■ **Task objective**: What you return must be exactly the lines from the beginning of the material through the line containing "Tavola fuori testo", both included, and no pictures.

■ **Data below**:

== == ==

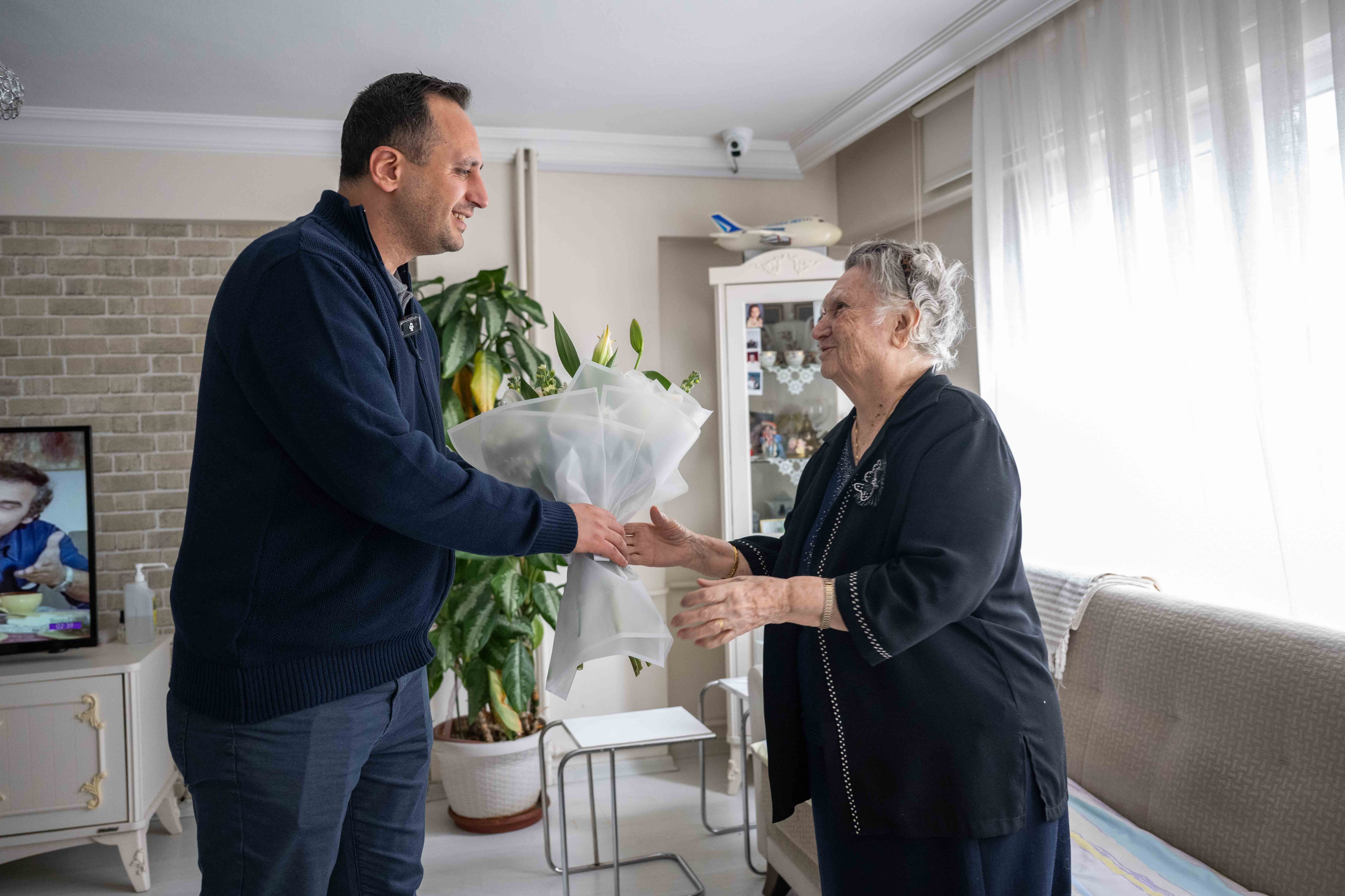 Bornova Belediye Başkanı Ömer Eşki, 14 Şubat Sevgililer Günü’nde Bornova Belediyesi Engelli ve Yaşlı Hizmetleri Müdürlüğü bünyesinde Evde Bakım Hizmeti alan vatandaşları evlerinde ziyaret ederek anlamlı bir buluşmaya imza attı. Başkan Eşki, Gülera Yeniel ile Cavit Baycan ve eşi Nazile Baycan’ı ilgili bürokratlar ve hizmet veren personelle birlikte evlerinde ziyaret etti.
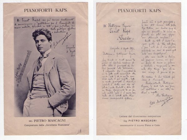 Tavola fuori testo di un libro. PIANOFORTI KAPS - Pietro Mascagni, compositore "Cavalleria Rusticana" 1893
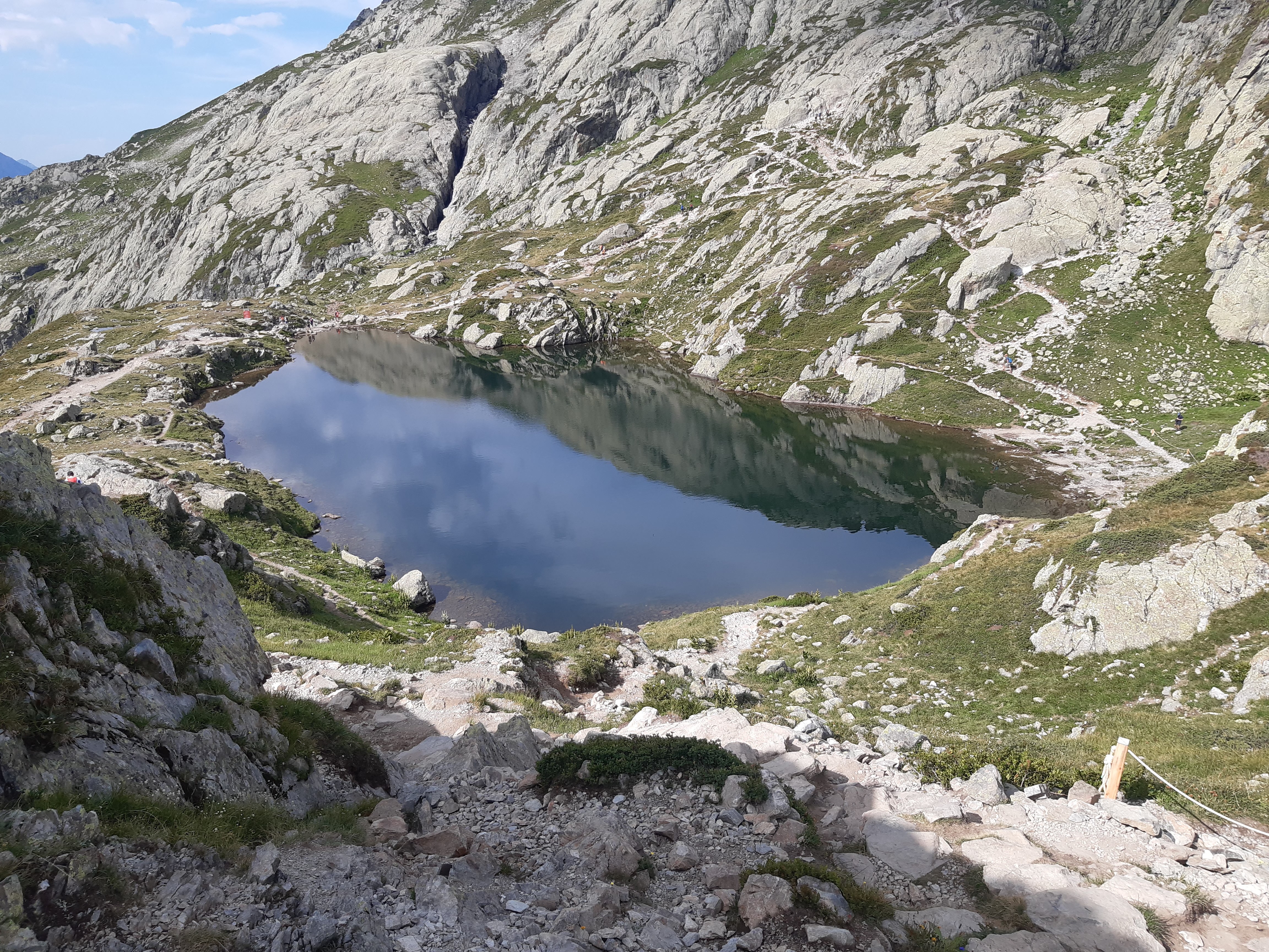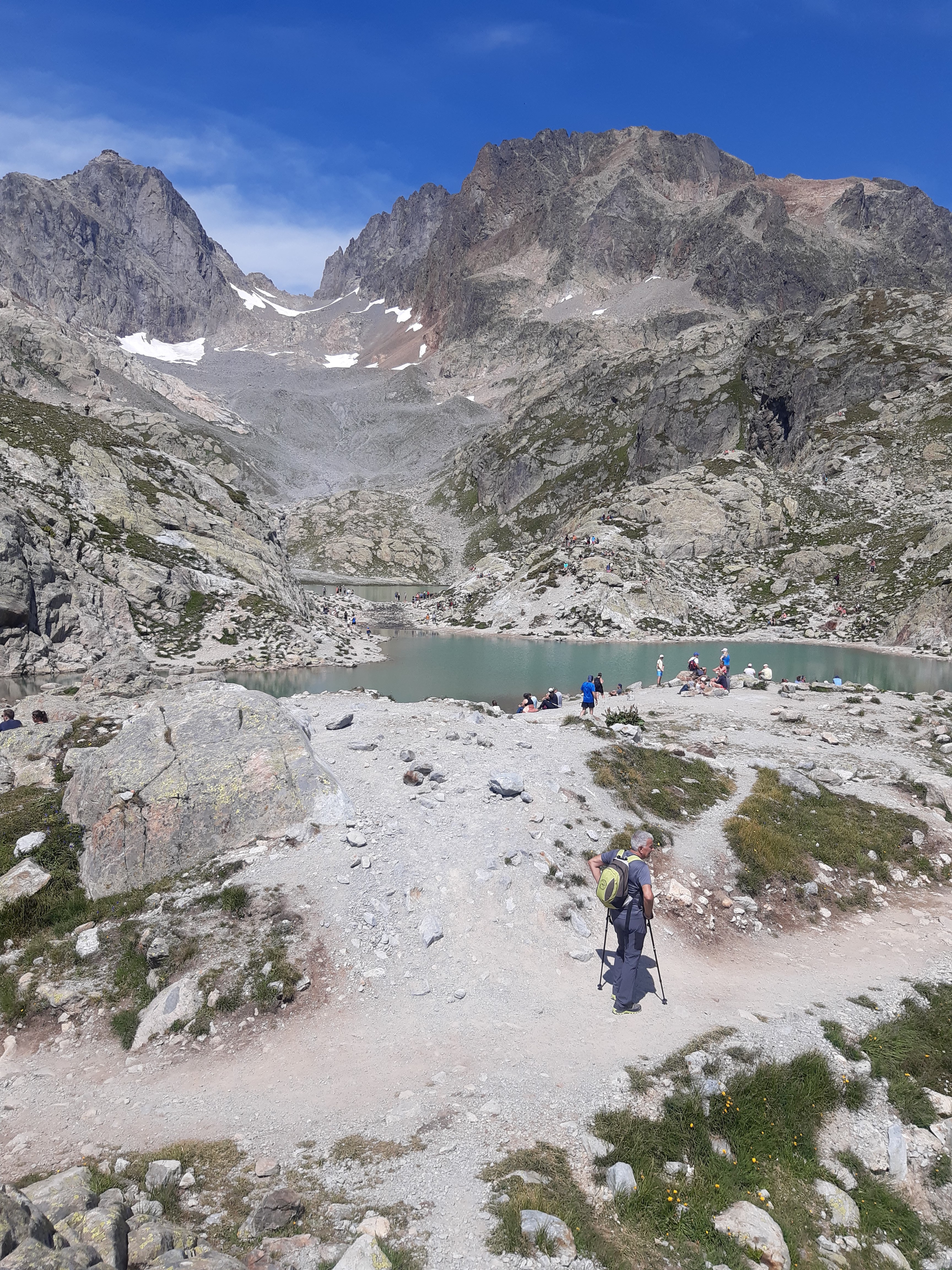 Après ce passage qui est le plus compliqué, on continue de monter jusqu’à atteindre les lacs des Chézerys. Il y en a 3. On passe d’abord devant les 2 plus petits et un peu plus loin le 3ème qui est plus grand. Auparavant il était possible de s’y baigner, ou du moins se rafraîchir car l’eau est fraîche, mais cela est désormais interdit.

== == ==

■ **Written solution**:
 Bornova Belediye Başkanı Ömer Eşki, 14 Şubat Sevgililer Günü’nde Bornova Belediyesi Engelli ve Yaşlı Hizmetleri Müdürlüğü bünyesinde Evde Bakım Hizmeti alan vatandaşları evlerinde ziyaret ederek anlamlı bir buluşmaya imza attı. Başkan Eşki, Gülera Yeniel ile Cavit Baycan ve eşi Nazile Baycan’ı ilgili bürokratlar ve hizmet veren personelle birlikte evlerinde ziyaret etti.
 Tavola fuori testo di un libro. PIANOFORTI KAPS - Pietro Mascagni, compositore "Cavalleria Rusticana" 1893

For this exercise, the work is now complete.